The Cambridge History of English and American Literature in 18 Volumes (1907–21).
Volume VI. The Drama to 1642, Part Two.

II. Chapman, Marston, Dekker

§ 2. Shakespeare and the “Rival Poet”

It is difficult to escape the conviction that Minto was correct in his identification of Chapman with the “rival poet” of Shakespeare’s Sonnets; and it has been argued with great force and ingenuity that the rivalry here indicated may be traced elsewhere in the work of both authors, and that the note of anger in the strain of invective which frequently appears in Chapman’s poems and prefaces, hitherto interpreted in his favour as the natural scorn of a great artist for inferior work, was the outcome of bitter personal resentment at the success of the unlettered Shakespeare and was directly aimed at him.

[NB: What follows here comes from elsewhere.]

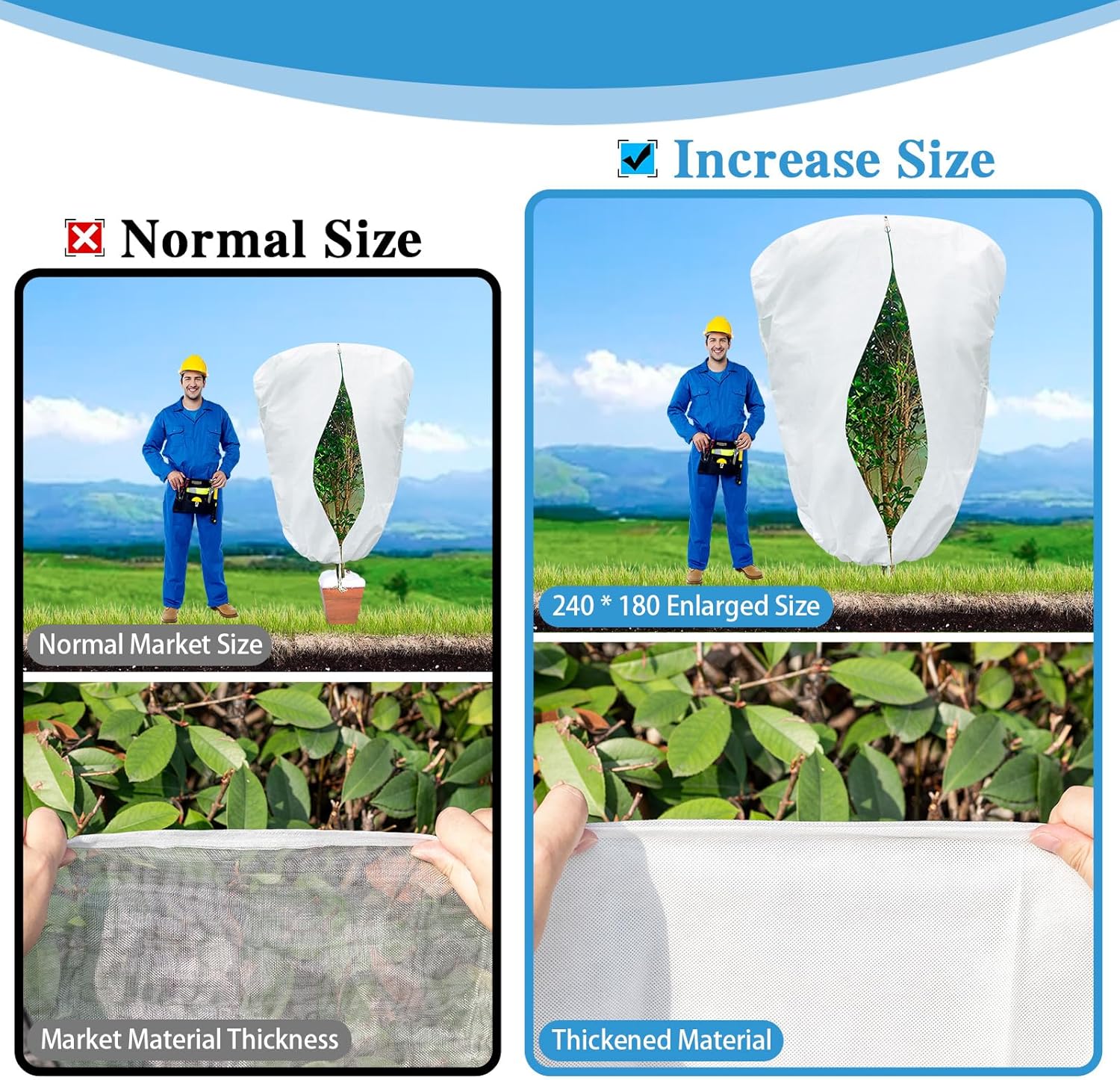 Plant Covers Freeze Protection, Frost Blankets for Outdoor Plants with Drawstring and Zipper, 2.5 oz/yd² 7.9 X 6.6 Ft, Reusable Winter Plant Protector Bag for Protect Trees Shrubs from Cold Frost
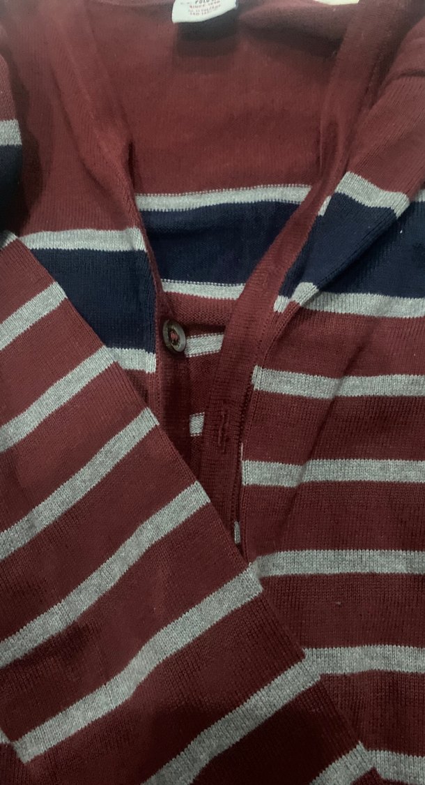Bordo ve gri çizgili, pamuklu uzun kollu erkek hırka. Düğmeli ve yakalı, fit kesim ile rahat bir günlük stil sunar.

According to this view, The Amorous Zodiac, in the 1595 volume of poems, in the poem indicated by Shakespeare in his twenty-first sonnet; Holofernes, in Love’s Labour’s Lost, is a satirical portrait of Chapman in reply to his malevolent attacks, and Troilus and Cressida an elaborate castigation of Chapman’s extravagant laudation of Homer, his praise of Greek ideals and his contempt of all poets who were not his equals in scholarship. Though not proven, the thesis cannot be lightly dismissed.